No one knows just what Normie is, which is pretty standard for deep lake monsters. The most recent reported sighting was in 2015. At that time, a park ranger saw a strange-looking animal eating the remains of a duck. The ranger said the monster was like the Loch Ness Monster in appearance, only smaller. Other people reported seeing Normie around the same time as the ranger. If you go to Lake Norman, you might spy Normie rising up out of his water home, too. Be sure to bring a camera, just in case he makes an appearance for you.
The Roan Mountain Ghost Choir
On the border between North Carolina and Tennessee is a five-mile-long ridge known as Roan Mountain. The ridge is pretty high, and strong winds at the top are common. At least since the 1700s and maybe before, there have been reports of ghostly singing voices at the peak, along with those winds.

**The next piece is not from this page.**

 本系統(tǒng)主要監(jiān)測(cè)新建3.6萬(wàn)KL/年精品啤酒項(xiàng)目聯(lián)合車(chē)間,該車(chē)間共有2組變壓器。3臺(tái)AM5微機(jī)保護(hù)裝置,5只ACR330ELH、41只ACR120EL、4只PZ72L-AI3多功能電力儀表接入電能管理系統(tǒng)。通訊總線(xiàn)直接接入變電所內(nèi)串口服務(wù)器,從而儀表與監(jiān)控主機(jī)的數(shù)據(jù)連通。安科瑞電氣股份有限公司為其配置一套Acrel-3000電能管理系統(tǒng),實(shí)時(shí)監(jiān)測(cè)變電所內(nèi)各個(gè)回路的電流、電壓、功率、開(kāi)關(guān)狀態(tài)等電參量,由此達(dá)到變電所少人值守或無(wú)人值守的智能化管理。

However, no one can seem to agree on whether those voices are angelic or demonic in nature. Whoever hears them seems to hear them differently, and forms their own opinions. Whatever you may think of them if you hear them, there is no doubt that the voices sound like human singing. The ghostly choir can still be heard on the mountain today, and no one knows where it originates.
The Circle Where Nothing Will Grow
In the deep woods of North Carolina, there is a patch of ground where nothing will grow. It remains barren to this day. The legend says its lack of fertility is because it is where Satan comes to dance. According to the legend, any objects placed there overnight will either disappear or be thrown outside the circle as Satan dances. Animals refuse to walk across the barren patch of earth, and some human visitors have claimed to see red eyes peeking out of the center of the circle.
The Ghost of Blackbeard
North Carolina’s coast was a hotbed of pirating in the 1700s, and it was visited by some famous ones, including the legendary Blackbeard. There is even a small channel on Ocracoke Island known as Teach’s Hole, named after Blackbeard, whose real name was Edward Teach. The legend says that Teach’s Hole was Blackbeard’s favorite place to anchor his ship when he was in the area. His ghost is said to haunt Teach’s Hole today.

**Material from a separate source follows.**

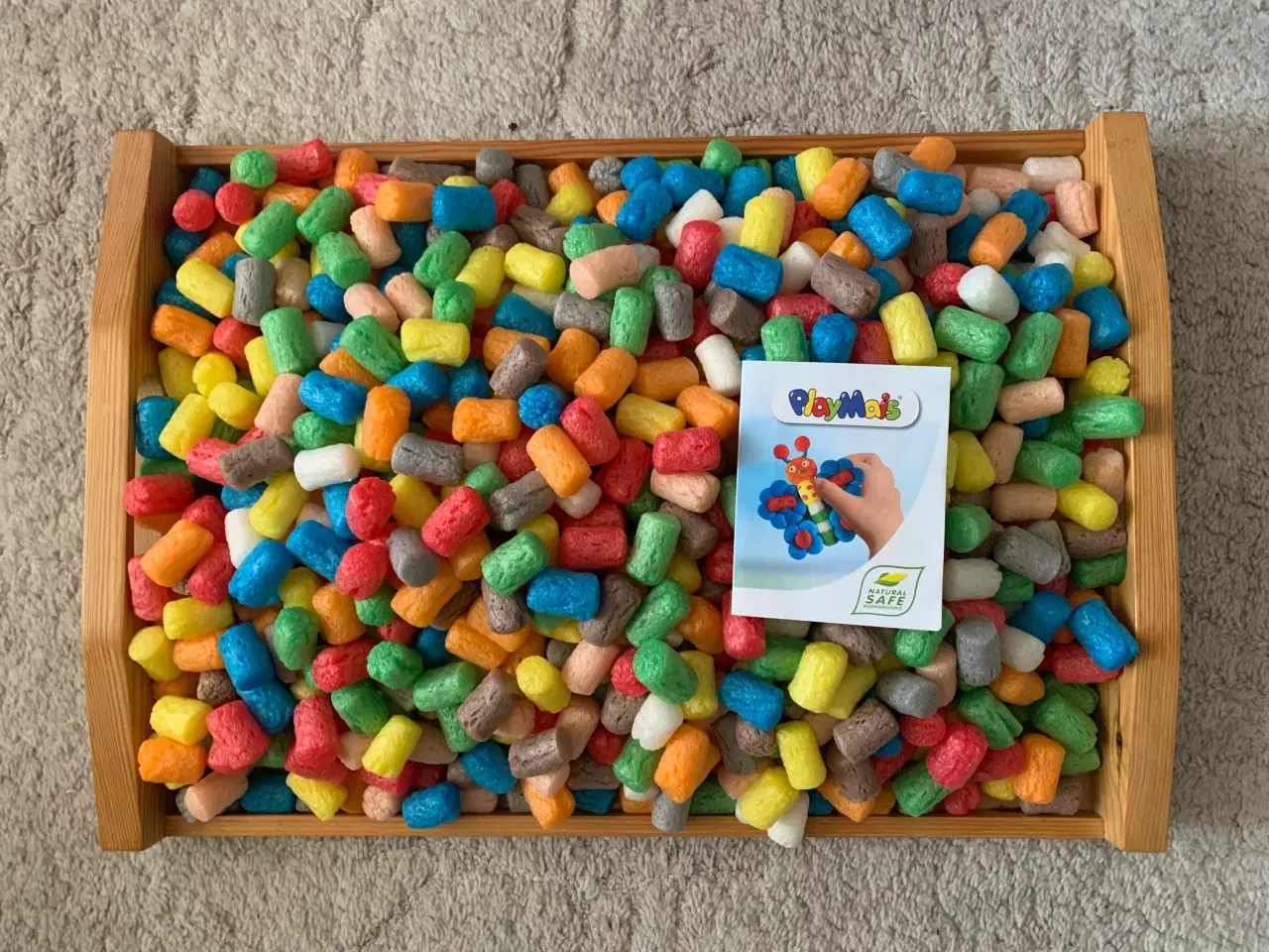Stor pose med Play mais til mange timers leg, de limes let sammen med vand de er lidt som flamingo så de er lette at forme og klippe i men de er lavet af majs så de kan også spises uden der sker noget.. Brugervejledning medfølger der er mange ideer og tips til hvad man kan lave.

If anyone was going to haunt Teach’s Cove, it would be Blackbeard. He was an infamous pirate in his day, terrifying to his crew and civilians alike. He wore fuses braided into his beard and reigned the seas around North Carolina with an iron fist.
He terrorized the citizens so much that the governor of Virginia sent a group of men to find and kill Blackbeard in 1712. They succeeded, surprising the notorious pirate at Teach’s Hole, shooting and stabbing him, then decapitating him. They hung his head from his ship, killed all of his crew members, and threw his body in the water.
His ghost manifests in the form of strange lights just below the surface of the water at Teach’s Hole. These lights are said to be Blackbeard’s ghost searching for his missing head. There are also occasionally sounds like a monster that comes from the cove at Teach’s Hole, and these noises are said to be him. You can still see the lights and hear the noises today, so it seems that Blackbeard has not gone anywhere.